It’s my turn. The man behind the camera is stalled for a minute. He’s staring at my neck. My hair is slicked back with a comb I wet in the drinking fountain, and now half a bite mark shows above my collar. The photographer asks if he can see the whole thing. So I undo my tie and shirt buttons. He’s impressed. He whistles. Now he can see some of my bruises, too, the ones that only show in gym class. And the gym teacher says to him, ‘You can airbrush the picture, right?’

‘Oh, yeah,’ says the photographer, ‘and for a little extra, I can drop by once a week and airbrush the actual kid. Then it won’t matter who’s beating the crap out of him, right?’

So the gym teacher walks away real fast, and I know he’s going to rat this guy out to the headmaster. But the photographer isn’t worried. He winks and says, ‘Well, kid, as Christ on the cross once said of the Romans – fuck ’em if they can’t take a joke.’

I laugh. He snaps the picture.

—Ernest Nadler


By the terms of an agreement forged in the mayor’s office, lawyers would be in attendance for the police interview at the Driscol-Bledsoe residence on the Upper West Side. When Hoffman, the drab employee, opened the door to the detectives, she was still carrying her small Gladstone bag on a shoulder strap. The woman ignored Riker when he asked, ‘What’s in the bag? Is your boss shooting up or snorting it?’

Hoffman left them alone in an entry hall larger than the average New Yorker’s apartment. The floor was a circular chessboard of black-and-white marble tiles, and a polished table at its center was decked out with a profusion of flowers. They strolled past the grand staircase, through an archway and into a space of ballroom proportions and a cathedral ceiling that spoke to Mallory, saying, Money lives here.

These environs were familiar in a way. This was a grander version of Charles Butler’s taste – modern art on the walls and antiques on the floor. An education at Barnard allowed her to recognize the style of Frank Stella in a gigantic wall sculpture of curving shapes and primary colors. She was accustomed to artwork on this scale, having viewed it by slides projected on a classroom wall. Mallory could also name Motherwell as the artist of a large work on canvas. And the furniture was an elegant mix of pieces named for the reigns of long-dead kings and queens.

All of this she saw with a cost accountant’s eye.

This was the showroom, the gathering place for cocktail parties, for independent conversations upon a loveseat here and couches over there, and circles of armchairs on the far side. Though visitors clearly came here not to be entertained, but to be cowed by extreme opulence, to stand in awe beneath the largest crystal chandelier that money could buy.

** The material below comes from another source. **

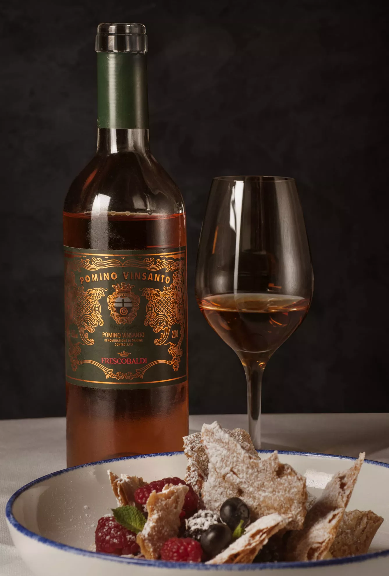 Questa escursione fra i migliori vini bianchi toscani non può che concludersi con un gioiello unico: il Vin Santo. Si tratta di un tipico vino toscano da dessert, prodotto con uve di tipo Trebbiano e Malvasia lasciate appassire, in modo da poter ottenere un allontanamento dell’acqua dagli acini e, così, una percentuale zuccherina più alta. Fra i vari tipi di Vin Santo che ogni anni vengono prodotti in Toscana, si distingue il Pomino Vinsanto DOC Frescobaldi. Si tratta di un uvaggio a base di Trebbiano, Malvasia Bianca Toscana e San Colombano, e di una produzione che prevede un lungo appassimento e sette anni di maturazione in piccole botti di legno. Ne deriva un vino dal colore ambrato intenso e dall’eccellente varietà aromatica, in cui spiccano vari tipi di frutta secca, fra cui noci, mandorle e albicocca secca. È un ottimo vino da meditazione, che si abbina a vari tipi di dessert, a partire, ovviamente, dai classici biscotti secchi toscani alle mandorle, i cantucci.

Mallory slowly revolved, finally turning her gaze on Grace Driscol-Bledsoe. The lady of the house was enthroned in a high-back chair by the fireplace – the only chair in that part of the room. She was surrounded by an honor guard of three lawyers, who stood tense and watchful. Their employer tapped one foot, annoyed to be kept waiting.

Well, damn.

As the detectives crossed the wide floor, Mallory deflated the props of the room with a dismissive wave of the hand, saying, ‘All of this belongs to the Driscol Institute, right? The antiques, the art. You don’t even own the house.’

Grace Driscol-Bledsoe barely suppressed a smile of touché and inclined her head to say that this was so.

Approaching the woman, Mallory looked down to see indents on an area rug, impressions left there by chairs recently removed, forcing the detectives to stand in attendance, less like a police interview, more like an audience with royalty. The furniture was telling them to state their business, make it quick and get out.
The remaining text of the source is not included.